In one possible implementation manner, the generating recommendation information for the target user according to the information of the at least one node includes: sequencing at least one node according to the weight corresponding to the at least one node; and generating recommendation information according to the information of the at least one node and the ordering of the at least one node.
Therefore, in the embodiment of the application, the recommendation sequence can be arranged based on the weight, so that more effective information is recommended for the user, and the user experience is improved.
In a possible implementation manner, the acquiring the input text of the target user may include: acquiring user input data, wherein the input data comprises at least one of image, text or voice data; input text is extracted from the input data.

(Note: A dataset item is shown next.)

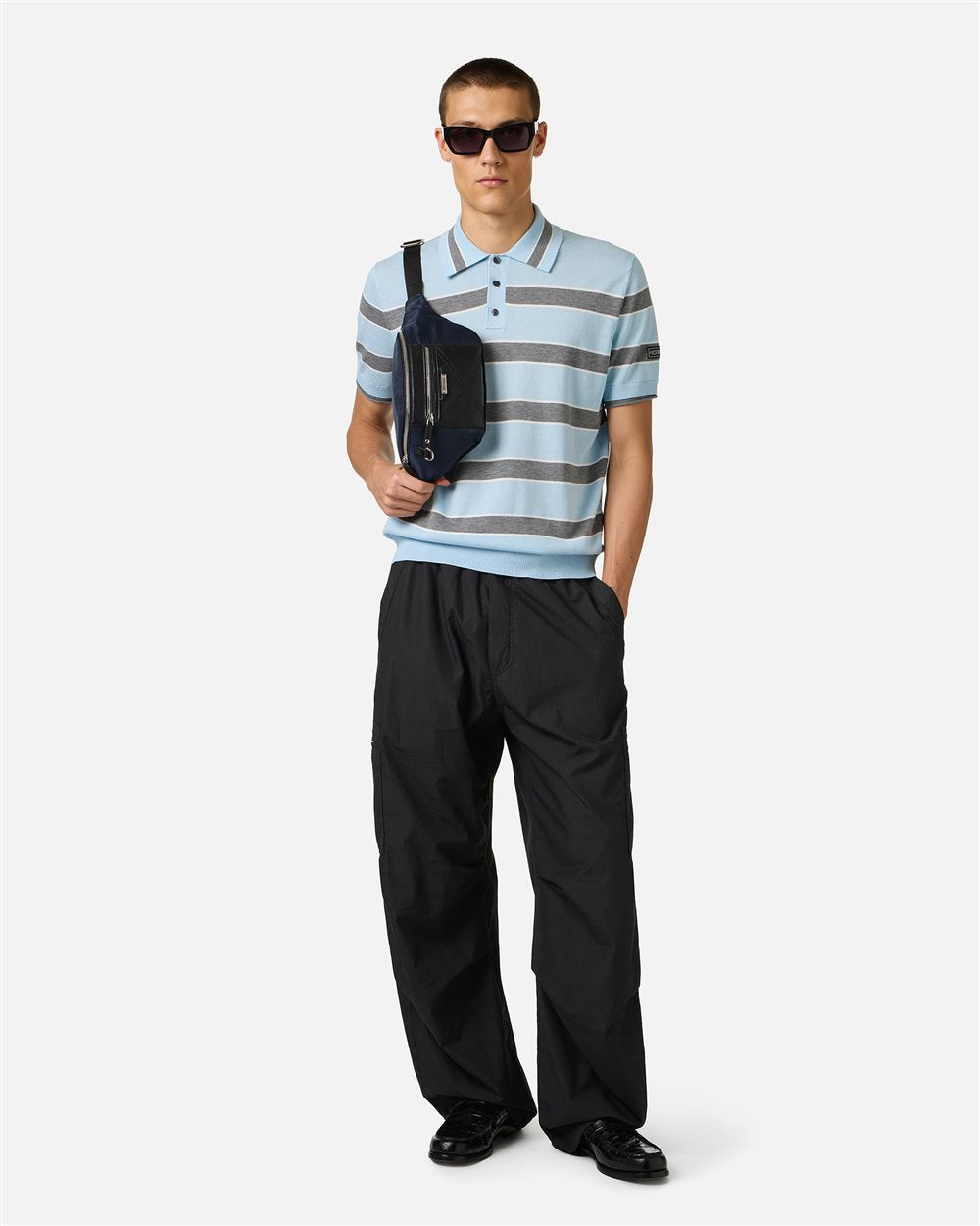 Suéter polo de algodão listrado multicolorido com modelagem regular e detalhes de costura aparente. O design alterna listras e seções de cores sólidas com contrastes de cor na gola e nas extremidades das mangas, que introduzem um toque gráfico arrojado. A etiqueta Iceberg aplicada na manga esquerda assina discretamente a peça. Um design essencial e contemporâneo, criado para adicionar personalidade ao seu guarda-roupa do dia a dia.
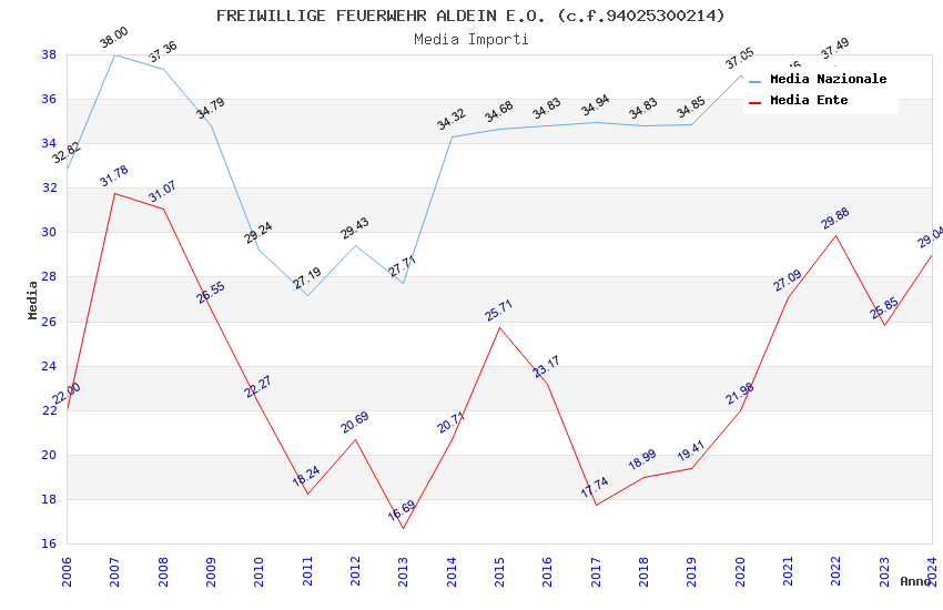 | Anno | Firme | Importi | Media | Naz. | Reg. | Prov. | Comu. |

Therefore, in the embodiment of the application, the method and the device can be suitable for various input scenes, have strong generalization capability and improve user experience.
In one possible embodiment, the foregoing method may further include: obtaining structured data of a target user, wherein the structured data is data in a preset format; extracting information of at least one event from the structured data according to a preset rule; updating the personal knowledge graph according to the information of at least one event to obtain an updated personal knowledge graph.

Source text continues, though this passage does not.